You need the screen because the protocol includes the concept of an authenticator with a screen, and that allows you to verify the information even more compared to a yubikey or something like that.


That was my assessment as well a few years back, which drove the project I'm working on now. I embedded both the authentication (TOTP at the time) and content encryption functions directly into the keyboard and added an internal screen. I had been working through all the attack surfaces of trying to do it in the same kernel space as a compromised node and just decided that was the wrong way to go. Demo of the prototype I built is here: http://www.anomie.tech/deck/anigma-keyboard.m4v


Thank you! :)


I love this project. right approach for the problem. Will pitch in on the code.


Is it really necessary to use external ATECC508A with ESP32? I would not be surprised if software implementation on ESP32 is actually faster.


You can not extract private key from ATECC508A while it can be an issue with custom key storage built on Arduino. The chip itself costs around one dollar so why not?


> But, wait, is it difficult to find a charger or power bank with Micro USB nowadays?

It's definitely trending that way IME...


I understood the point the article was trying to make here, but, actually, it's become almost a nightmare to find a Micro USB cable in my home, so I had to answer "yes".

Every time one breaks or gets tatty I bin it and don't replace, because, really, the only thing I need it for is my PS4 controller and the baby monitor. I've burned through a decade or so worth of them thrown in boxes and drawers.

It gets really hard these days to find one when I need to charge my PS4 controller and the baby monitor needs charging at the same time.

While I'm on the go, I guarantee I don't have one. Phone, wife's phone, Switch, tablet, power bank, laptop, earbuds, all USB-C charging. It's taking me some time and careful purchasing choices to get to the point where I can carry a single power brick to fast charge all the devices I carry with one connector/cable, adding Micro USB back in would actually be an inconvenience.


Nothing can stop us from making the same PCB but with USB Type C connector for charging.

Actually I'm using it in my other device according to the exactly same thoughts.

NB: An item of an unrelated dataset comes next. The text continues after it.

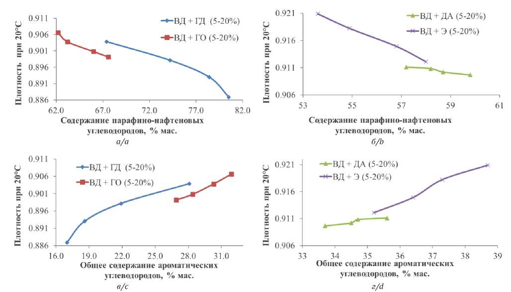 При смешении нефтепродуктов, существенно различающихся по плотности, имеется возможность проявления эффекта «потери объема при смешении» [1, 14–19]. Изменения плотностей смесевого сырья, содержащего 5–20 мас. % гачей дистиллятных и остаточных, деасфальтизата и экстракта в вакуумном дистилляте в зависимости от содержания в смеси парафино-нафтеновых и ароматических углеводородов, приведены на рис. 1, а–г.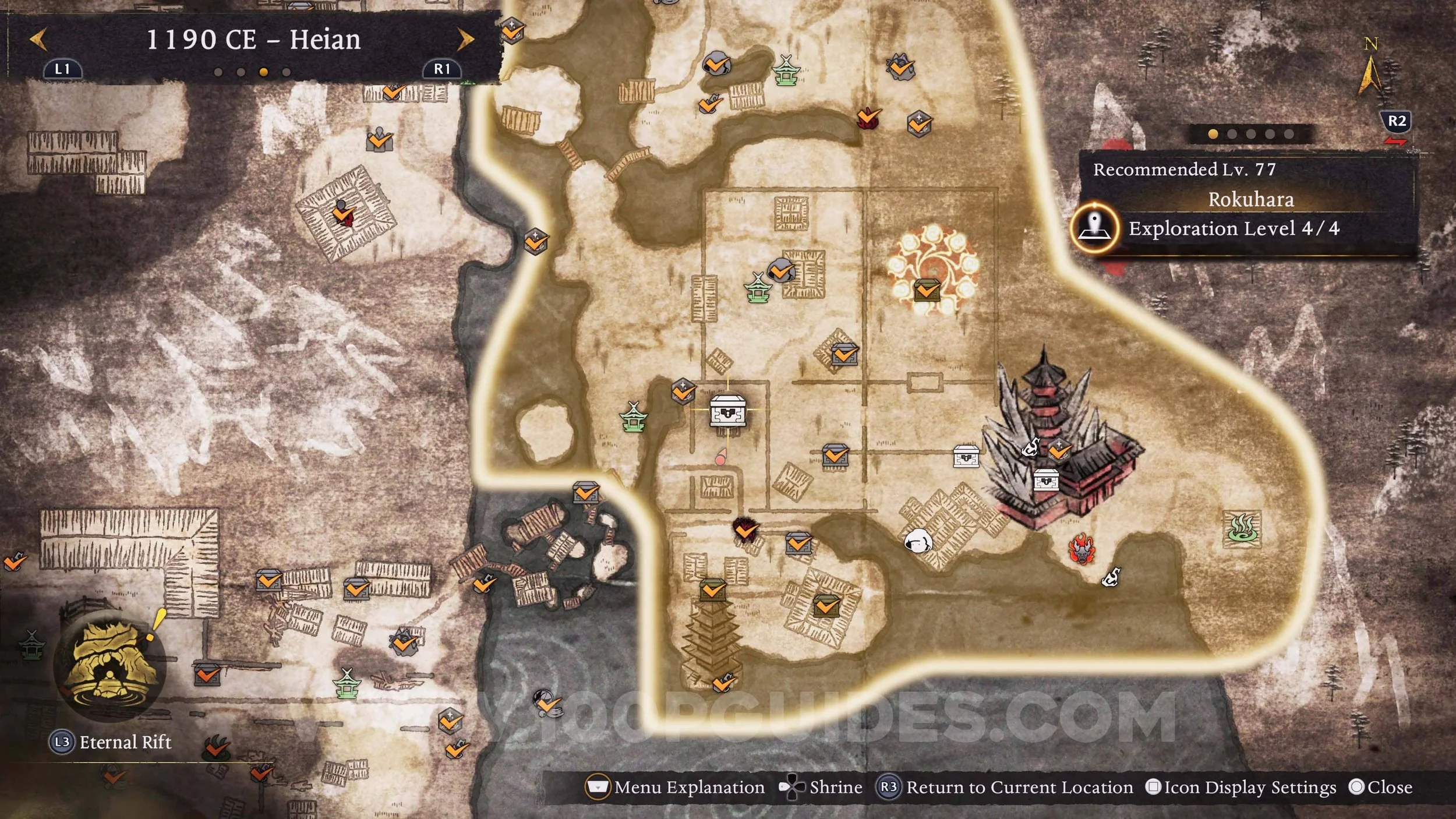 Purify Yokai Realm: Spirit: Behind the Nurikabe in the Futamata region. Use any Neutral gesture (yellow).

I've never tried hand soldering a USB-C SMT connector, expecting it to be somewhat harder than Micro USB, is it reasonably doable with hot air?


Oh, in fact it's much simpler than MicroUSB. There is special type of USB Type C used for charging - https://en.ovcharov.me/uploads/2020/04/06/20200404_092055.jp...

It has only six huge pads and can be soldered either with hot air or normal soldering iron as a charm.


Oh, now this is a revelation, I had no idea!

P.S. the link has hotlink protection for anyone wanting to click; you'll need to paste the link straight into your address bar


I have a neat cable with an attached micro/C adapter, and is A-to-C unless you un-nest the micro end.


Isn't there is a good option is to use wireless charging instead of USB one?


Can anyone explain or further expand on this statement

> plain C and ESP IDF are too difficult for the broad audience

My intuition is that most folks who hack on EPS32 and other microcontrollers have no problem with these things.


From my experience - most people say "Arduino is ok" but struggle working with plain C.

As well keep in mind number of ready-made libraries for Arduino that can be reused here almost out of the box.